━━ WORKING DATA ━━

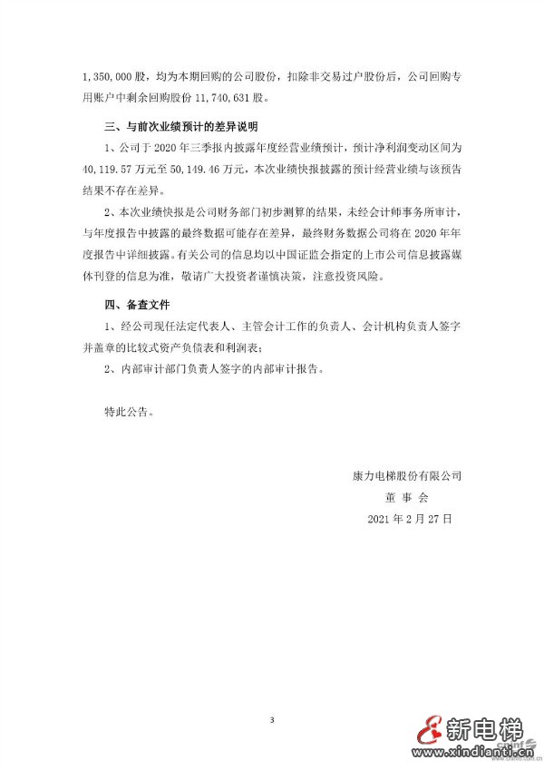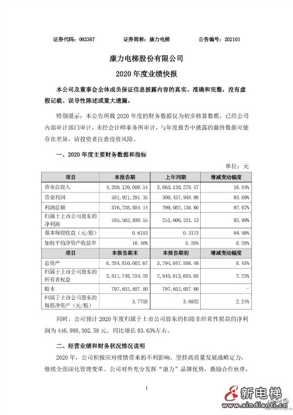 核心提示:康力電梯:2020年營業(yè)收入42.8億元,同比增長16.84%;凈利潤4.86億元,同比增長92.99%。 詳情請以公司公告為準。
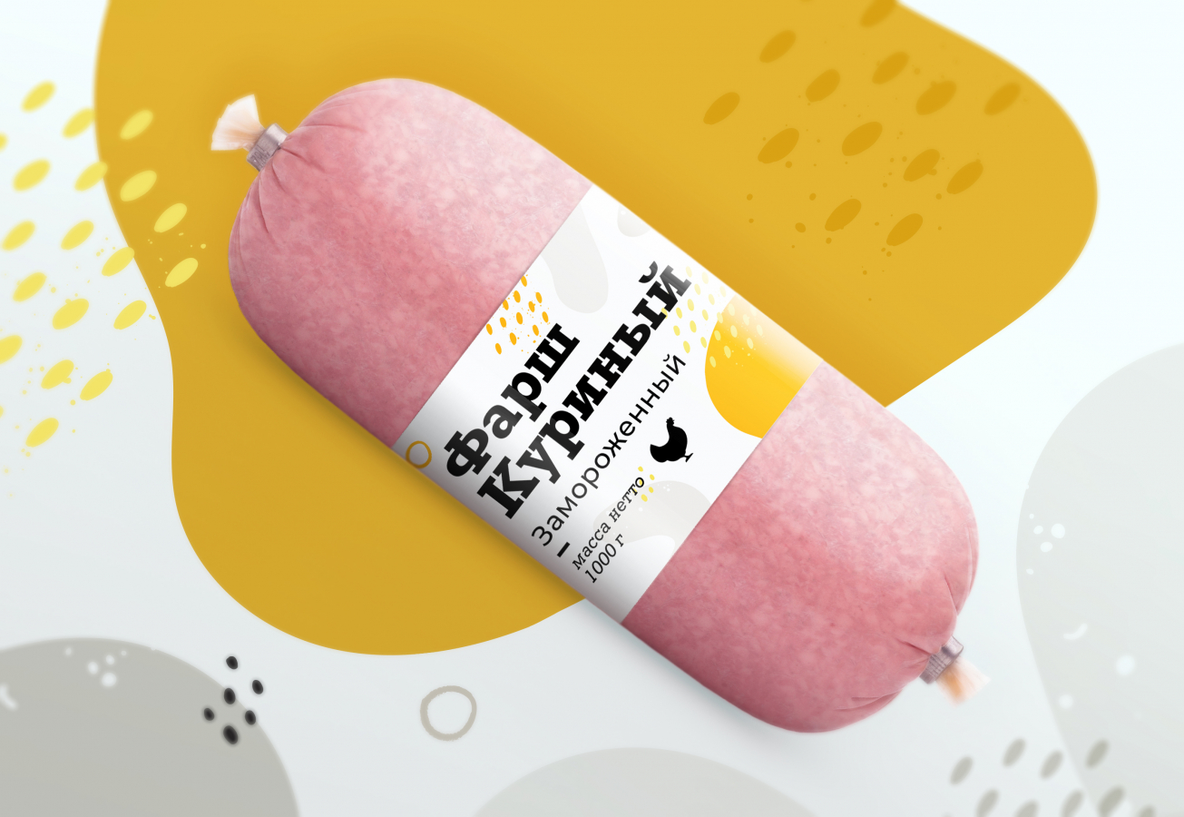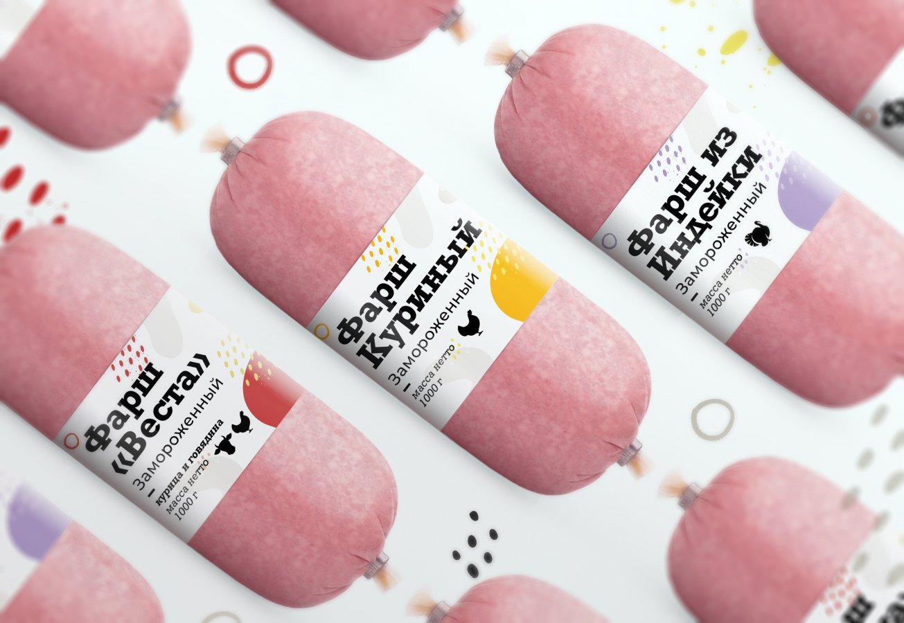 Для достижения баланса натуральности и современного подхода производителя использовали белый цвет как доминантный и другие дополнительные природные цвета. Пятнистый паттерн является метафорой к структуре фарша, специям, которые добавляются при готовке. Понятные, яркие паттерны легко тиражируются на разные SKU, при этом сохраняют узнаваемость и преемственность для всей линейки продукции.
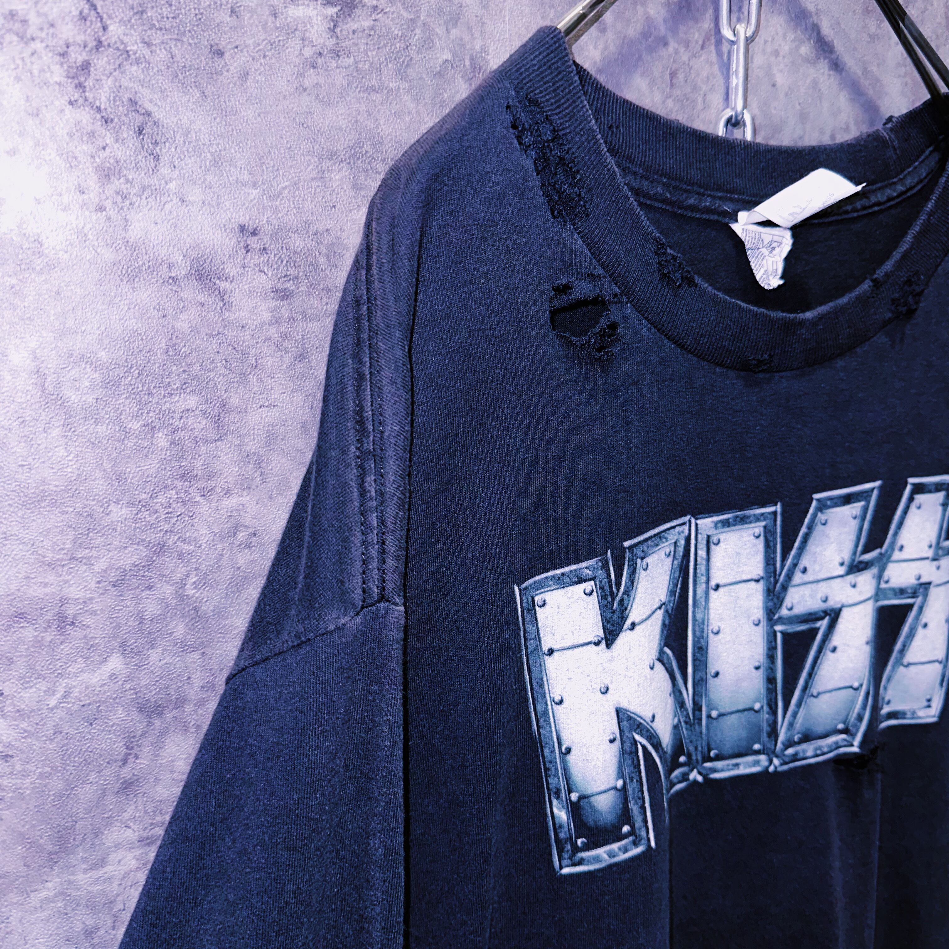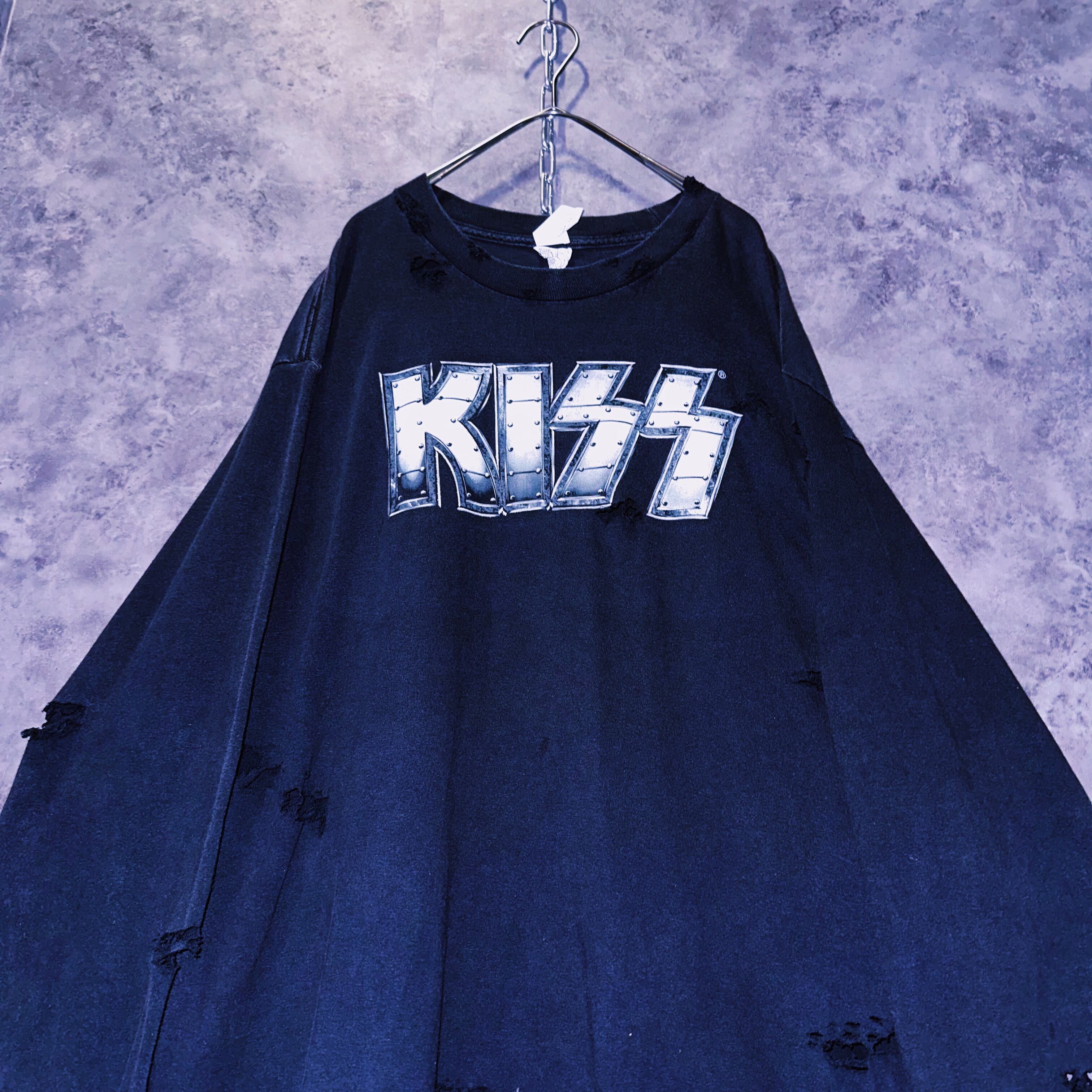 ヴィンテージ"KISS"ロゴプリントデザインボロカスタムロングTシャツ
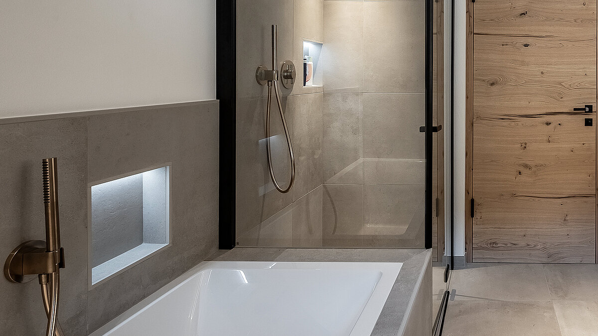 La progettazione e la scelta dei prodotti sono state effettuate in stretta collaborazione con gli esperti di showroom e tecnologia di INNERHOFER. In questo modo è stato possibile realizzare in modo ottimale i desideri individuali, dai pavimenti e le piastrelle eleganti ai sanitari di prima classe. Una moderna pompa di calore di iDM Energiesysteme garantisce un approvvigionamento energetico sostenibile ed efficiente.
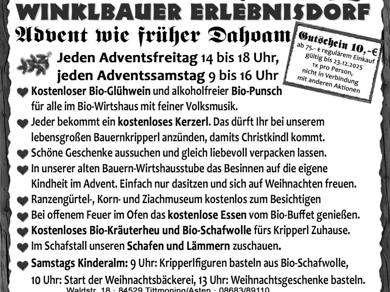 Beim Winklbauer Erlebnisdorf erwartet Euch ein Adventserlebnis wie es früher einmal war. Es gibt feine volksmusik. Jeder Besucher bekommt ein kostenloses Kerzerl, das er bei der lebensgroßen Bauernkrippe anzünden darf. In der Bauern-Wirtsstube fällt das Besinnen auf die eigene Kindheit im Advent leicht. Das Ranzengürtel-, Korn- und Ziachmuseum ist zu Besichtigen. Bei offenem Feuer das kostenlose Essen vom Bio Buffet geniessen. Im Schafstall kann zu den Schafen und Lämmern geschaut werden.

━━━

### WORK REQUIRED
Write out the whole listing above exactly; do not include the pictures.

### ANSWER BOX
 核心提示:康力電梯:2020年營業(yè)收入42.8億元,同比增長16.84%;凈利潤4.86億元,同比增長92.99%。 詳情請以公司公告為準。
 Для достижения баланса натуральности и современного подхода производителя использовали белый цвет как доминантный и другие дополнительные природные цвета. Пятнистый паттерн является метафорой к структуре фарша, специям, которые добавляются при готовке. Понятные, яркие паттерны легко тиражируются на разные SKU, при этом сохраняют узнаваемость и преемственность для всей линейки продукции.
 ヴィンテージ"KISS"ロゴプリントデザインボロカスタムロングTシャツ
 La progettazione e la scelta dei prodotti sono state effettuate in stretta collaborazione con gli esperti di showroom e tecnologia di INNERHOFER. In questo modo è stato possibile realizzare in modo ottimale i desideri individuali, dai pavimenti e le piastrelle eleganti ai sanitari di prima classe. Una moderna pompa di calore di iDM Energiesysteme garantisce un approvvigionamento energetico sostenibile ed efficiente.
 Beim Winklbauer Erlebnisdorf erwartet Euch ein Adventserlebnis wie es früher einmal war. Es gibt feine volksmusik. Jeder Besucher bekommt ein kostenloses Kerzerl, das er bei der lebensgroßen Bauernkrippe anzünden darf. In der Bauern-Wirtsstube fällt das Besinnen auf die eigene Kindheit im Advent leicht. Das Ranzengürtel-, Korn- und Ziachmuseum ist zu Besichtigen. Bei offenem Feuer das kostenlose Essen vom Bio Buffet geniessen. Im Schafstall kann zu den Schafen und Lämmern geschaut werden.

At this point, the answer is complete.